> **INPUT**
------------------------------------------------------------------------

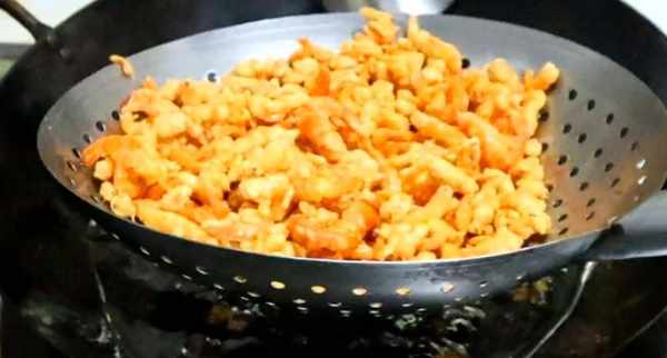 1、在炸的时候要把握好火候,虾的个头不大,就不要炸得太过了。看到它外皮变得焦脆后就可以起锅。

------------------------------------------------------------------------

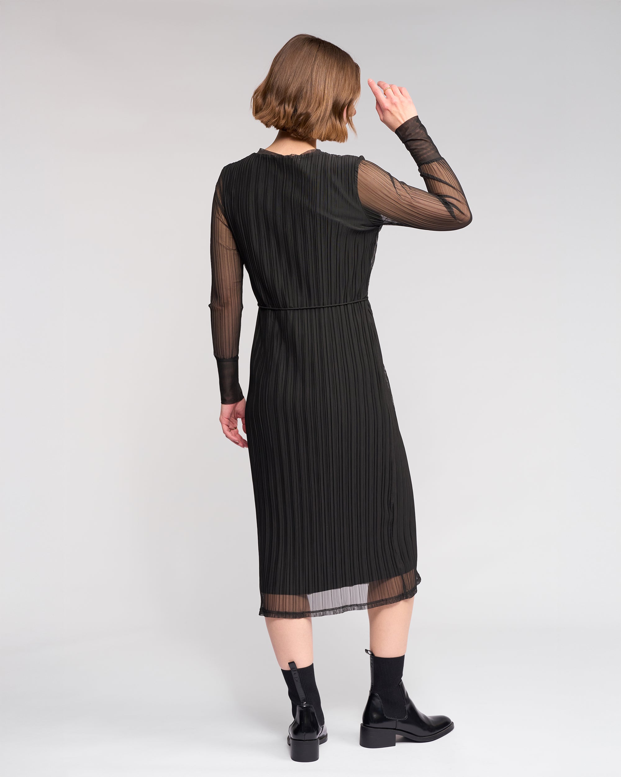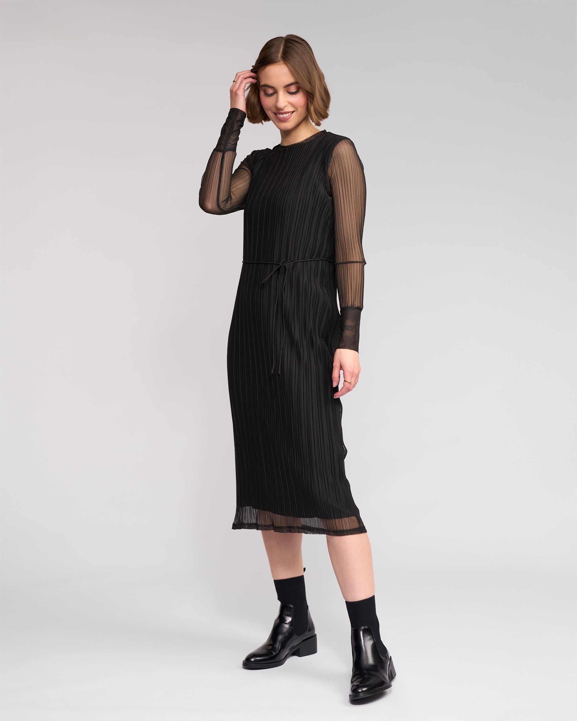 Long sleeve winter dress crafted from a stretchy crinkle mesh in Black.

------------------------------------------------------------------------

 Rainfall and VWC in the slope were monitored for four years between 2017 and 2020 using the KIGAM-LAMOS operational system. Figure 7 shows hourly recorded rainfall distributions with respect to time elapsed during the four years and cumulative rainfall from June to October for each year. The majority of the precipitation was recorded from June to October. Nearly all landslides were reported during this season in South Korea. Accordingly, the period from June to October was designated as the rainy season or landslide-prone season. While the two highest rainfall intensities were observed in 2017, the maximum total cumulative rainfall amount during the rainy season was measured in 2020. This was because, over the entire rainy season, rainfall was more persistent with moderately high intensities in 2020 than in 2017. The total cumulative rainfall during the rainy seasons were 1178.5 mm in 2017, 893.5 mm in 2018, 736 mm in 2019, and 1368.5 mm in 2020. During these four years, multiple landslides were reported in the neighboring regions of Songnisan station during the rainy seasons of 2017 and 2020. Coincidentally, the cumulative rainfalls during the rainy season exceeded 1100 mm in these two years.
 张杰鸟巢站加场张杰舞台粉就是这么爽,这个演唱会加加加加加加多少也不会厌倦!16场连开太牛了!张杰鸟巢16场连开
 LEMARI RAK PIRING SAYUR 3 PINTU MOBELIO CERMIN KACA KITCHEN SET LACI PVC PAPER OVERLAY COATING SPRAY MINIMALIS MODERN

------------------------------------------------------------------------

> **ASSIGNED TASK**
Please transcribe exactly the lines above from the line that has "张杰鸟巢站加场张杰舞台粉就是" up to and including the line that has "LEMARI RAK PIRING"; no other line belongs in the answer.

> **PROBLEM SOLUTION**
 张杰鸟巢站加场张杰舞台粉就是这么爽,这个演唱会加加加加加加多少也不会厌倦!16场连开太牛了!张杰鸟巢16场连开
 LEMARI RAK PIRING SAYUR 3 PINTU MOBELIO CERMIN KACA KITCHEN SET LACI PVC PAPER OVERLAY COATING SPRAY MINIMALIS MODERN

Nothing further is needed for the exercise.